Pod template for specifying tolerations when running Spark on Kubernetes


I am having some issues when trying to launch Spark jobs via the Kubernetes scheduler.

I want all my driver/executor pods to be spawned onto nodes which has a certain taint. Because of this, I want to specify tolerations which will be directly injected into the pods configuration files. Currently, there is no default way directly from the spark-submit command

According to this and this, a user should be able to specify a pod template which can be set with the following parameters: spark.kubernetes.driver.podTemplateFile and spark.kubernetes.executor.podTemplateFile.

I tried specifying those parameters in the spark-submit command with the following file:


apiVersion: v1
kind: Pod
  - effect: NoSchedule
    key: dedicated
    operator: Equal
    value: test

However, this toleration never gets added to the launched driver pod. Is currently a way to solve this?
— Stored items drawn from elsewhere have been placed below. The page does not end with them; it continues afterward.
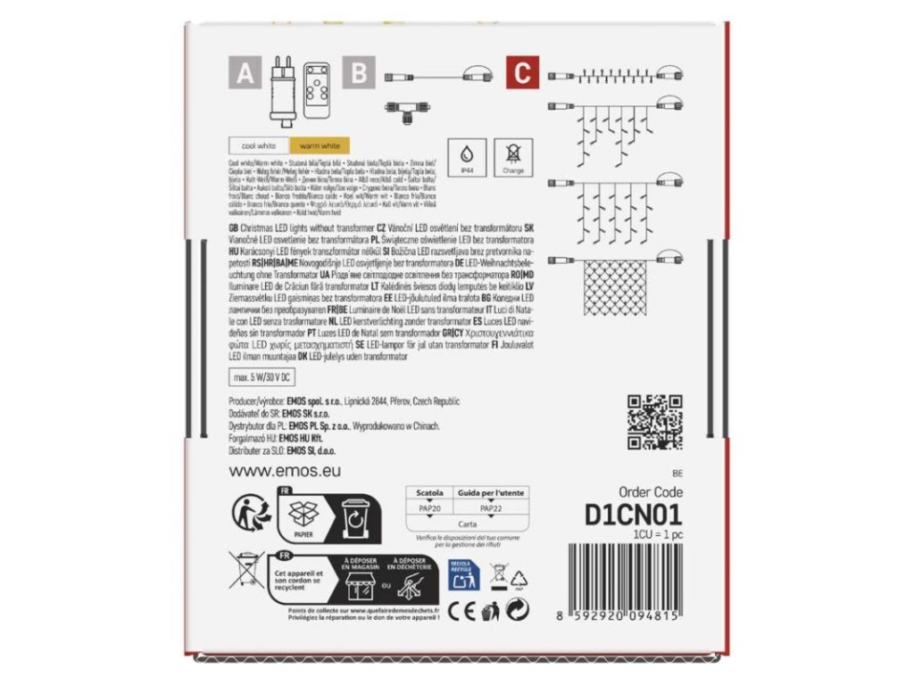 barva drátu: transparentní|barva světla: teplá/studená bílá|časovač: neuvádí se|dálkový ovladač: ne|délka přívodu: 10 cm|funkce: svítí/bliká|krytí: IP44|LED mezera: 10 cm|materiál: PVC|možnost propojení: ano|počet LED: 100|použití: venkovní i vnitřní|příkon: max. 5 W|prodejní obal: 1 ks, krabice|produkt: krápníky|pro výšku stromu: neuvádí se|rozměr: 2,5 × 0,9 m|tvar: klasický|typ napájení: síťový adaptér (není součástí balení)|velikost LED: 5 mm|vstupní napětí: 30 V DC|výstupní napětí: neuvádí se|záruční doba: 2 roky|životnost: 10 000 hodin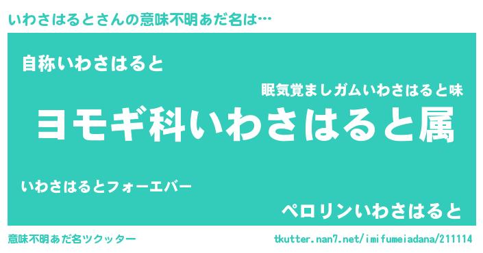 | 男性向けラノベタイトル風あだ名 | 『いわさはると~年齢イコール彼女いない歴の魔法使い~』 |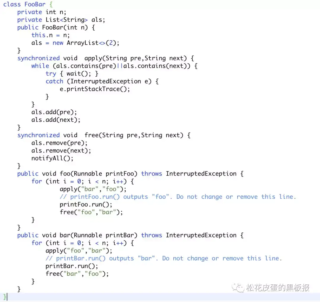 The same instance of FooBar will be passed to two different threads. Thread A will call foo()while thread B will call bar(). Modify the given program to output "foobar" n times.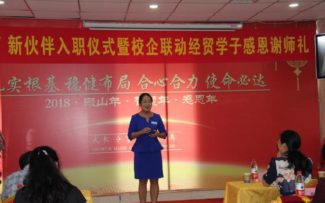 河南經(jīng)貿(mào)職業(yè)學(xué)院會(huì)計(jì)學(xué)院白石書記致辭中說,新員工要像新學(xué)生一樣有“六新”:新起點(diǎn)、新環(huán)境、新伙伴、新展示、新評(píng)價(jià)、新發(fā)展;同學(xué)們找到了人生的知名份工作,良好的開始是成功的捷徑,走出校園這所大學(xué),跨進(jìn)更大的校園,這就是社會(huì)大學(xué),期望同學(xué)們繼續(xù)堅(jiān)持學(xué)習(xí),要有終身學(xué)習(xí)的心態(tài);對(duì)家人、對(duì)學(xué)校、對(duì)社會(huì)要有一顆感恩之心。最后,他勉勵(lì)同學(xué)們要把握好機(jī)會(huì),無論在什么崗位,都要堅(jiān)持走下去,要沉淀下來,唯有堅(jiān)持,才能收獲驚喜。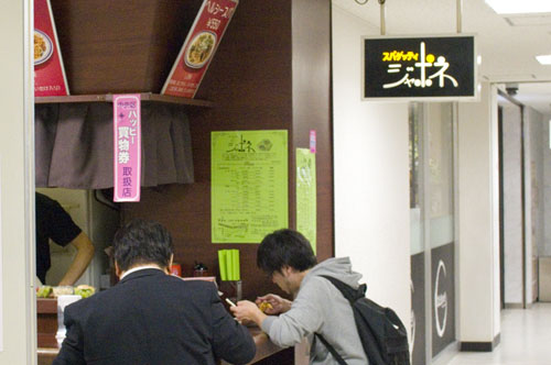 Other options include the Jalico (shrimp and meat), Ume Nori (with a plum-flavored topping), China (featuring zasai pickles), and Kimchi (with pork). Regular portions are reasonably sized, but the jumbo size (for an extra Y150) is almost comically large. Gigantic bottles of Tabasco and tubs of parmesan cheese are available if you want them.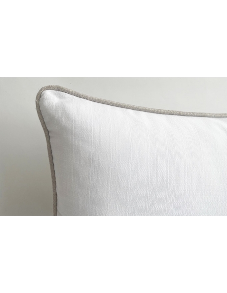 Cushion cover with a light striped design and finished all around with a drawstring.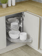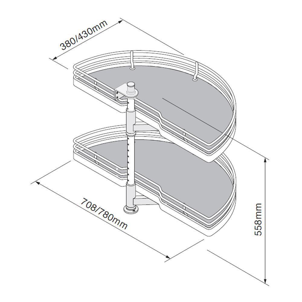 1/2 Carousel Plus unit to provide further storage and access into hidden corner cabinets. Units are available to suit 900/1000mm cabinets with door openings of 450/500mm. Shelves can be altered and fixed into several height positions.

For reference, here is the full spark-submit command: /opt/spark/bin/spark-submit --name spark-pi --class org.apache.spark.examples.SparkPi --conf spark.kubernetes.executor.volumes.persistentVolumeClaim.persistent.options.claimName=pvc-storage --conf spark.kubernetes.executor.volumes.persistentVolumeClaim.persistent.mount.subPath=test-stage1/spark --conf spark.executor.memory=1G --conf spark.executor.instances=1 --conf spark.kubernetes.driver.volumes.persistentVolumeClaim.persistent.mount.subPath=test-stage1/spark --conf spark.kubernetes.executor.limit.cores=1 --conf spark.kubernetes.authenticate.driver.serviceAccountName=spark --conf spark.kubernetes.namespace=test-stage1 --conf spark.kubernetes.driver.volumes.persistentVolumeClaim.persistent.mount.path=/persistent --conf spark.kubernetes.driver.limit.memory=3G --conf spark.kubernetes.executor.volumes.persistentVolumeClaim.persistent.mount.path=/persistent --conf spark.submit.deployMode=cluster --conf spark.kubernetes.container.image=<SPARK IMAGE> --conf spark.master=k8s://https://kubernetes.default.svc --conf spark.kubernetes.driver.limit.cores=1 --conf spark.executor.cores=1 --conf spark.kubernetes.driver.volumes.persistentVolumeClaim.persistent.options.claimName=pvc-storage --conf spark.kubernetes.container.image.pullPolicy=Always --conf spark.kubernetes.executor.podTemplateFile=//opt/pod_template.template --conf spark.kubernetes.driver.podTemplateFile=//opt/pod_template.template local:///opt/spark/examples/src/main/python/pi.py 100

-- toerq

2 Answers


You didn't specify which version of Spark is used? I don't think spark.kubernetes.driver.podTemplateFile and spark.kubernetes.executor.podTemplateFile is available until Spark 3.0.

Here is the Spark JIRA issue which added support for above 2 configuration options. It's only resolved for Spark 3.0 branch.

-- francoisf
I have checked various documentations and found few things that might be misconfigured here:

  1. Your pod_template.template should have the .yaml at the end
  2. You did not specify spark.kubernetes.driver.pod.name in your spark-submit command nor in the pod_template.template.yaml in a form of metadata
  3. You have used double // when specifing path for spark.kubernetes.driver.podTemplateFile= and spark.kubernetes.executor.podTemplateFile=
  4. You should put all your tolerations in "", for example: effect: "NoSchedule"

Please let me know if that helped.

-- OhHiMark